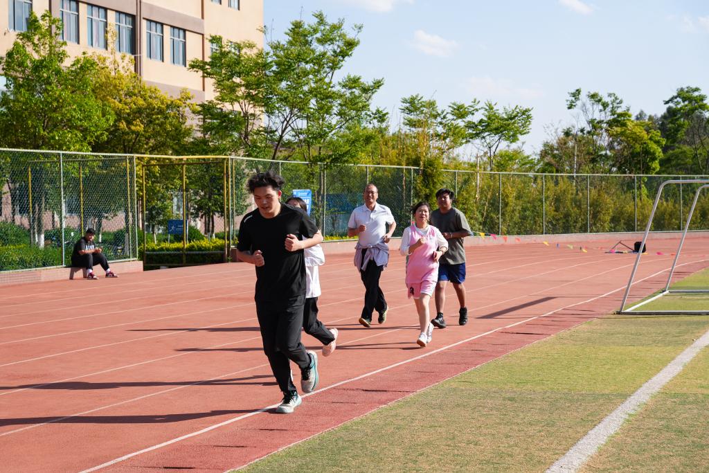 云南商务职业学院的老师和学生在跑步。
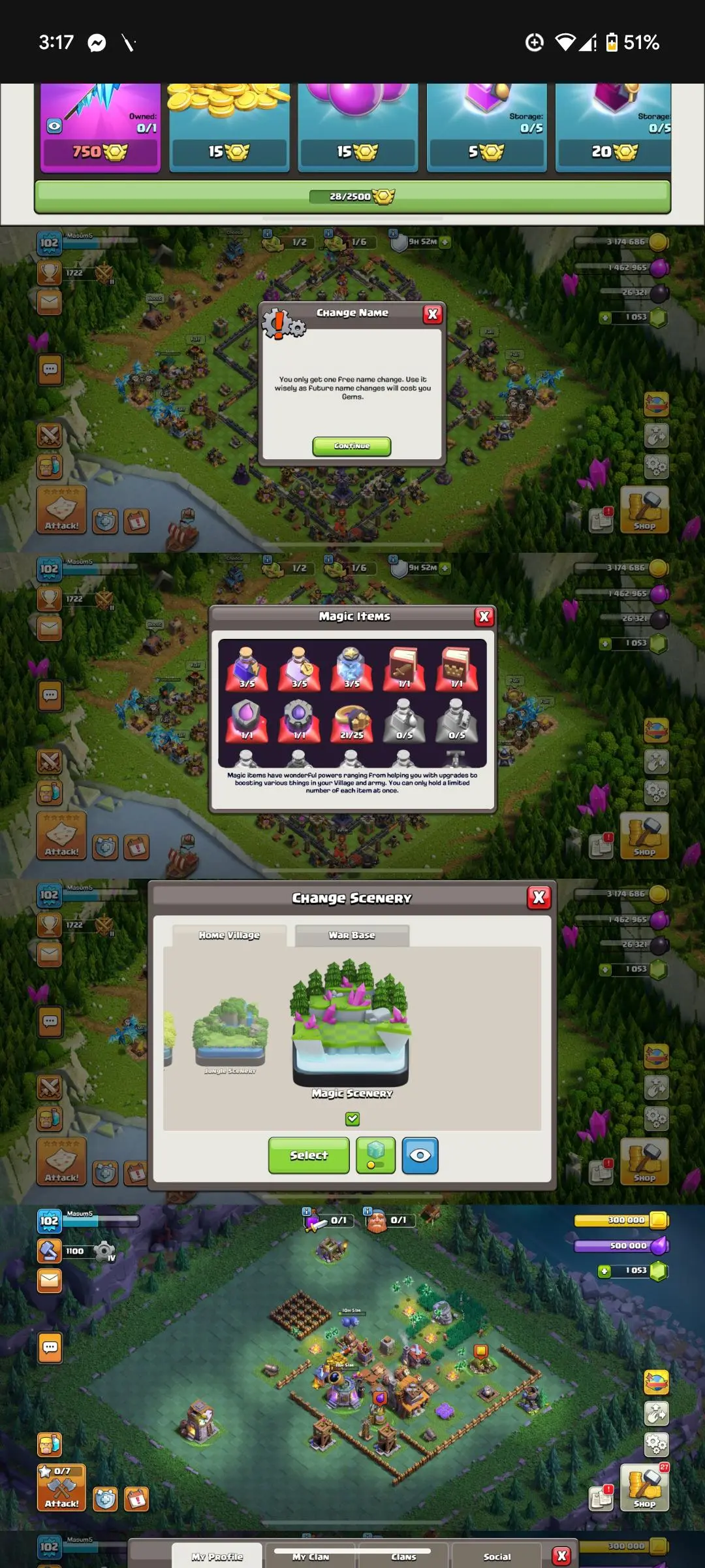 NAME CHANGE FREE | TH16 RARE MAX ACCOUNT | GIANT GONGLET | HERO'S: 33-33-42-23-6 | MAGIC SCENERY | WHITE WALL | GEMS 1000+ | XP- 102
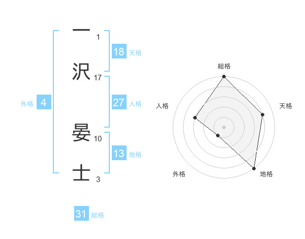 一沢 晏士さんを姓名の画数から五運を鑑定
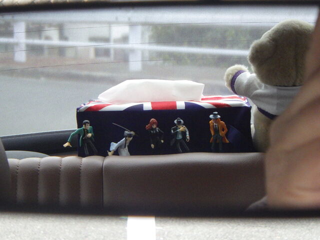 ルームミラーには世界的に有名なグループとそれを追うニヒルな漢が。
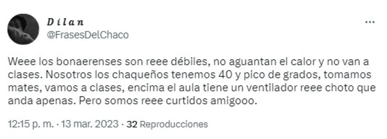 "Weee los bonaerenses son reee débiles, no aguantan el calor y no van a clases. Nosotros los chaqueños tenemos 40 y pico de grados, tomamos mates, vamos a clases, encima el aula tiene un ventilador reee choto que anda apenas. Pero somos reee curtidos amigooo", escribió uno de los usuarios.
------------------------------------------------
Exercise prompt: Find the line containing "一沢 晏士さんを姓名の画数から五運を鑑定", then extract it and every line after it to the end of the data above, exactly and nothing else, without pictures.

Output of the exercise:
 一沢 晏士さんを姓名の画数から五運を鑑定
 ルームミラーには世界的に有名なグループとそれを追うニヒルな漢が。
 "Weee los bonaerenses son reee débiles, no aguantan el calor y no van a clases. Nosotros los chaqueños tenemos 40 y pico de grados, tomamos mates, vamos a clases, encima el aula tiene un ventilador reee choto que anda apenas. Pero somos reee curtidos amigooo", escribió uno de los usuarios.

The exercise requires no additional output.